Scope: A protocol for idea alignment.
Assumption: Many agreements flounder on definitions.
Key base concepts:
1.
Language act: An event where an actor uses a statement to convey an idea to other agents.
2.
Statement: The content of the language act.
1.
Statements are made of language components, some of which are structural and some of which are indexical. We'll call the latter components labels.
3.
Idea: Anything that can be reasoned about, or talked about (in the context of social cognition).
1.
Taken from the notion of topic in topic mapping, with caveats and extensions. Topics are also called subject proxies.
2.
Explicitly includes:
1.
Entities
1.
Agents
2.
Situations (configuration of ideas)
1.
Events (including language acts)
3.
Predicates: a partial function from an idea to a classifying set. (This can be the boolean set, a set of labels, or even an interval.) (Not unrelated to subobject classifiers in topos theory)
4.
Categories: Classifying sets of entities, defined by intension, extension, or both.
5.
Situation schemas (structured situation categories, includes what most people describe as relation types, which are just 2-schemas)
1.
Inference rules
1.
Those are schemas for situations that describe an inference relationship between other ideas
6.
Linguistic elements
1.
Quoted Statements
Note that (quoted) Statements are ideas in that they can be the subject of discourse; but that is orthogonal to their role as attempts to express ideas.
2.
Labels
3.
Statement structural elements
7.
This list is not asserted to be exhaustive; but partial enumeration is used as a way to assert intension (and possibly intention also, but this was not a misspelling.)
Further assumptions and definitions:
A statement is an attempt by an agent to express an idea. It has no inherent connection to the idea outside of agent's inner state, and ideas and statements are in a many-to-many relationship. Hopefully, for a given agent, a statement points to a single idea, but note that the idea may not be fully defined in the agent's consciousness.
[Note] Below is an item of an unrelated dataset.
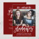 Invitación/invitación de una fiesta de graduación a la moda para los BFF, hermanos, primos, familiares, graduados de barrio u otras ocasiones de varios grados, esta invitación tiene los nombres de los graduados, año de clase y colegio al frente de la invitación, junto con una foto de muestra que se reemplaza con la que se desea. La parte posterior de la invitación tiene una plantilla de texto para los detalles de la celebración de la fiesta de graduación. La combinación de colores es marsala roja con texto blanco.
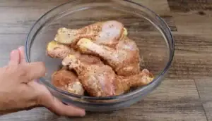 Generously season your chicken legs all over with the seasoning mixture. Make sure that all of your pieces are evenly coated with the seasoning mixture.

Still, we will posit that there is often a rough alignment between the idea that the emitting agent was attempting to express, and the idea (or set of ideas) that receiving agents will interpret the statement as. But ideas are not accessible unless through statements. (IRL some ideas are also embodied, but this is out of scope.)
Some ideas are more agreed-upon than others. (Probably through embodied grounding.) This protocol is not concerned with the bootstrapping stage (acquisition of language by an infant) but with the refinement stage, and assumes an inter-intelligible common language core (though what is in the core can be subject to argument!)
Formal statements are a certain kind of statement which rely upon an explicit core which is assumed understood. That core is usually concerned with the structure of the statement more than its content, but statements using controlled vocabularies are also formal statements.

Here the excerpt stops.